Measuring transient reaction rates from non-stationary catalysts

TL;DR

This paper introduces a high-speed laser ionization and imaging method to measure transient reaction rates on non-stationary catalysts, enabling rapid data collection and analysis of catalyst activation, poisoning, and reaction kinetics.

Contribution

The work presents a novel velocity resolved kinetics technique using high repetition rate pulsed laser ionization and ion imaging for real-time catalyst reaction rate measurements.

Findings

Achieved 10-1000 times higher data acquisition rates than traditional methods.

Successfully measured CO desorption and oxidation kinetics on Pd(332) in single experiments.

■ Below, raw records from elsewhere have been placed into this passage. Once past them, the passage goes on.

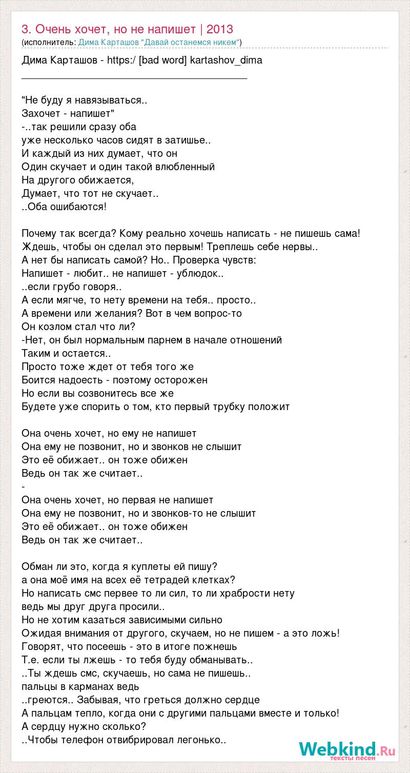 Дима Карташов - https:/ [bad word] kartashov_dima ________________________________________ "Не буду я навязываться.. Захочет - напишет" -..так решили сразу оба уже несколько часов сидят в затишье.. И каждый из них думает, что он Один скучает и один такой влюбленный На другого обижается, Думает, что тот не скучает.. ..Оба ошибаются! Почему так всегда? Кому реально хочешь написать - не пишешь сама! Ждешь, чтобы он сделал это первым! Треплешь себе нервы.. А нет бы написать самой? Но.. Проверка чувств: Напишет - любит.. не напишет - ублюдок.. ..если грубо говоря.. А если мягче, то нету времени на тебя.. просто.. А времени или желания? Вот в чем вопрос-то Он козлом стал что ли? -Нет, он был нормальным парнем в начале отношений Таким и остается.. Просто тоже ждет от тебя того же Боится надоесть - поэтому осторожен Но если вы созвонитесь все же Будете уже спорить о том, кто первый трубку положит Она очень хочет, но ему не напишет Она ему не позвонит, но и звонков не слышит Это её обижает.. он тоже обижен Ведь он так же считает.. - Она очень хочет, но первая не напишет Она ему не позвонит, но и звонков-то не слышит Это её обижает.. он тоже обижен Ведь он так же считает.. Обман ли это, когда я куплеты ей пишу? а она моё имя на всех её тетрадей клетках? Но написать смс первее то ли сил, то ли храбрости нету ведь мы друг друга просили.. Но не хотим казаться зависимыми сильно Ожидая внимания от другого, скучаем, но не пишем - а это ложь! Говорят, что посеешь - это в итоге пожнешь Т.е. если ты лжешь - то тебя буду обманывать.. ..Ты ждешь смс, скучаешь, но сама не пишешь.. пальцы в карманах ведь ..греются.. Забывая, что греться должно сердце А пальцам тепло, когда они с другими пальцами вместе и только! А сердцу нужно сколько? ..Чтобы телефон отвибрировал легонько..
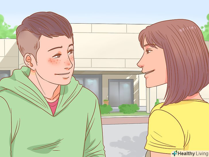 Відповідна посмішка. посмішка-хороша ознака того, що дівчина не проти поговорити з вами. Посміхніться їй при зустрічі — це покаже, що ви раді її бачити. Якщо дівчина посміхнеться у відповідь, можна ризикнути і почати бесіду. [7]- Зверніть увагу на очі, щоб оцінити щирість посмішки. Якщо посмішка непідробна, то вона також відіб'ється в очах. Якщо ж дівчина лише хоче бути ввічливою, посмішка буде здаватися натягнутою. [8]
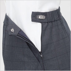 ホックはウエストサイズに合わせて3段階の調節が可能な3段カン+左脇あきのサイドファスナー。
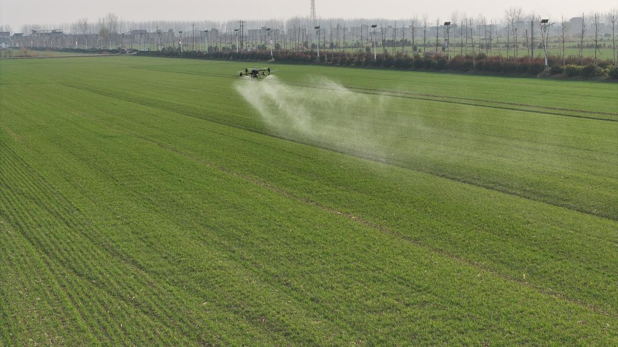 “嗡嗡嗡……”伴随着植保无人机的轰鸣声,一架架满载着“营业液”的无人机在麦田上空灵活盘旋,细密的肥液均匀地洒落在绿油油的麦苗上。通过精准喷施磷酸二氢钾、水溶肥与复硝酚钠混合液,有效地促进了小麦提苗、生根与分蘖,为夏粮丰收打下扎实基础。
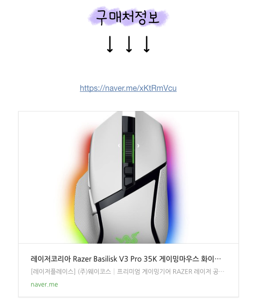 그래서 마우스는 비싸더라도 제대로된 것을 사려고 열심히 알아보는 편이에요. 이번에는 레이저 바질리스크 V3 Pro 35K 게이밍 마우스에 꽃혔습니다. 고민 끝에 내돈내산으로 구매해서 한 달 정도 사용해봤습니다.
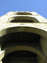 Looking up inside the tower, you can see three soccer balls
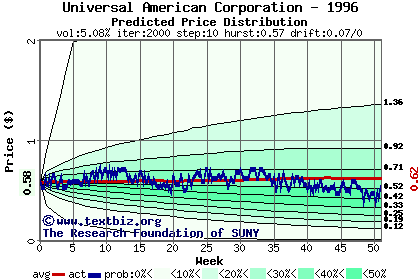 The high to date and low to date prices of the stock plotted against a random walk model for 1996 (what's this?).
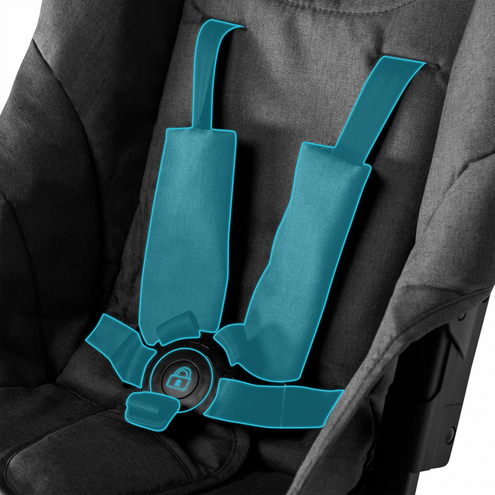 Caruciorul Fjallrav are o centura de siguranta in 5 puncte si o curea pentru picioare.

Demonstrated the ability to analyze reaction rates under diffusion-controlled conditions.

Abstract

Up to now, the methods available for measuring the rate constants of reactions taking place on heterogeneous catalysts require that the catalyst be stable over long measurement times. But catalyst are often non-stationary, they may become activated under reaction conditions or become poisoned through use. It is therefore desirable to develop methods with high data acquisition rates for kinetics, so that transient rates can be measured on non-stationary catalysts. In this work, we present velocity resolved kinetics using high repetition rate pulsed laser ionization and high-speed ion imaging detection. The reaction is initiated by molecular beam pulses incident at the surface and the product formation rate is observed by a sequence of laser pulses at a high repetition rate. Ion imaging provides the desorbing product flux (reaction rate) as a function of reaction time for each laser pulse. We demonstrate the method using a 10 Hz pulsed CO molecular beam pulse train to initiate CO desorption from Pd(332) - desorbing CO is detected every millisecond by non-resonant multiphoton ionization using a 1-kHz Ti:Sapphire laser. This approach overcomes the time-consuming scanning of the delay between CO and laser pulses needed in past experiments and delivers a data acquisition rate that is 10-1000 times higher. We also apply this method to CO oxidation on Pd(332) - we record kinetic traces of CO$_2$ formation while a CO beam titrates oxygen atoms from an O-saturated surface. This provides the reaction rate as a function of O-coverage in a single experiment. We exploit this to produce controlled yet inhomogeneously mixed reactant samples for measurements of reaction rates under diffusion-controlled conditions.